* GIVEN MATERIAL
BEGIN
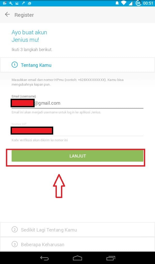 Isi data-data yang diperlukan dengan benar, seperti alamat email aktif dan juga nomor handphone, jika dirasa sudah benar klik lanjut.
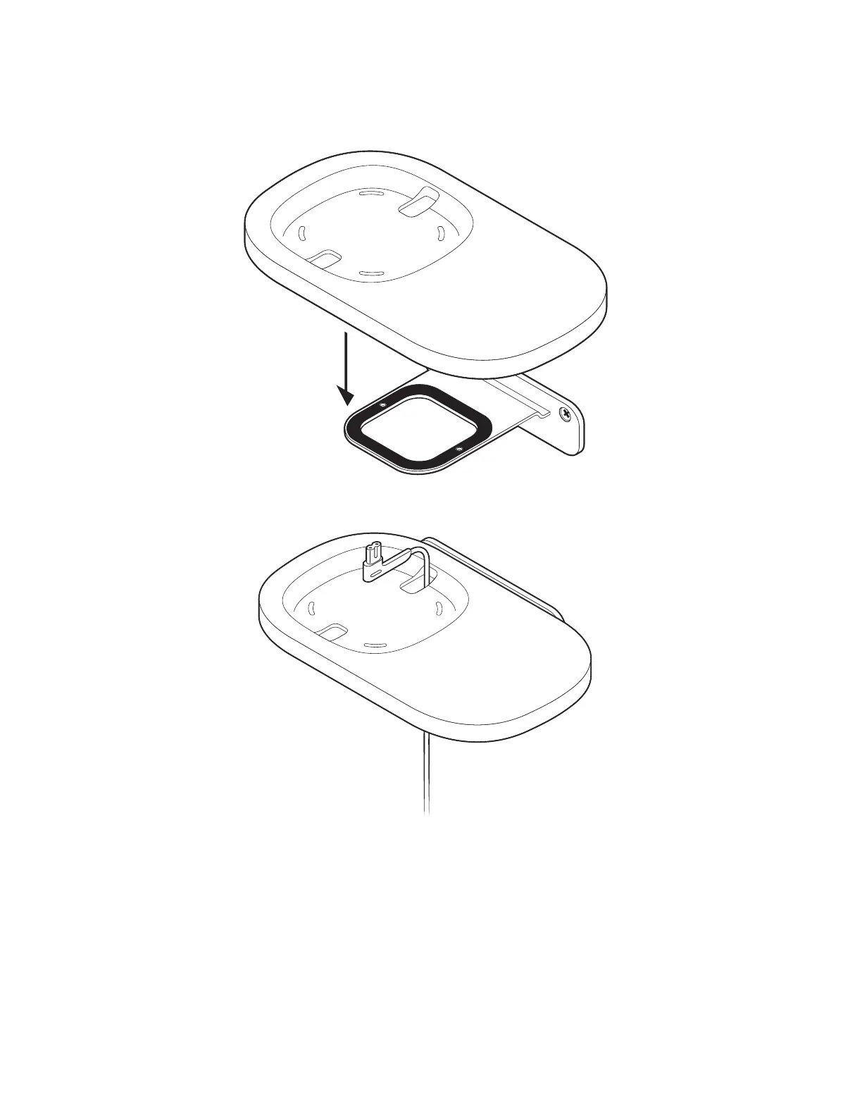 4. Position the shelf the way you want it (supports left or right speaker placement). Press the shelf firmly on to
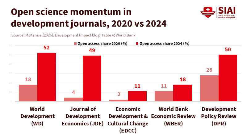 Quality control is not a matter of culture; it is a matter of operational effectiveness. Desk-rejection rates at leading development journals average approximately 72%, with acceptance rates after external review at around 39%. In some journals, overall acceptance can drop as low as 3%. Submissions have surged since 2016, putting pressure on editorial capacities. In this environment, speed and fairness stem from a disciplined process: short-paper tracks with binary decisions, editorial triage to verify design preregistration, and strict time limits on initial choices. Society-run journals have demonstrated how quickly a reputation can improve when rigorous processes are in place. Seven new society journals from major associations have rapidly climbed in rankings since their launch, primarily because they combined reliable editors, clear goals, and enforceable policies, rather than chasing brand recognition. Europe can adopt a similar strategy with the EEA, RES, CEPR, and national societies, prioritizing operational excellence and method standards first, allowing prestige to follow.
END
* WHAT THE TASK ASKS
In your copy of the material, match every word exactly and include no pictures.

* SOLUTION
 Isi data-data yang diperlukan dengan benar, seperti alamat email aktif dan juga nomor handphone, jika dirasa sudah benar klik lanjut.
 4. Position the shelf the way you want it (supports left or right speaker placement). Press the shelf firmly on to
 Quality control is not a matter of culture; it is a matter of operational effectiveness. Desk-rejection rates at leading development journals average approximately 72%, with acceptance rates after external review at around 39%. In some journals, overall acceptance can drop as low as 3%. Submissions have surged since 2016, putting pressure on editorial capacities. In this environment, speed and fairness stem from a disciplined process: short-paper tracks with binary decisions, editorial triage to verify design preregistration, and strict time limits on initial choices. Society-run journals have demonstrated how quickly a reputation can improve when rigorous processes are in place. Seven new society journals from major associations have rapidly climbed in rankings since their launch, primarily because they combined reliable editors, clear goals, and enforceable policies, rather than chasing brand recognition. Europe can adopt a similar strategy with the EEA, RES, CEPR, and national societies, prioritizing operational excellence and method standards first, allowing prestige to follow.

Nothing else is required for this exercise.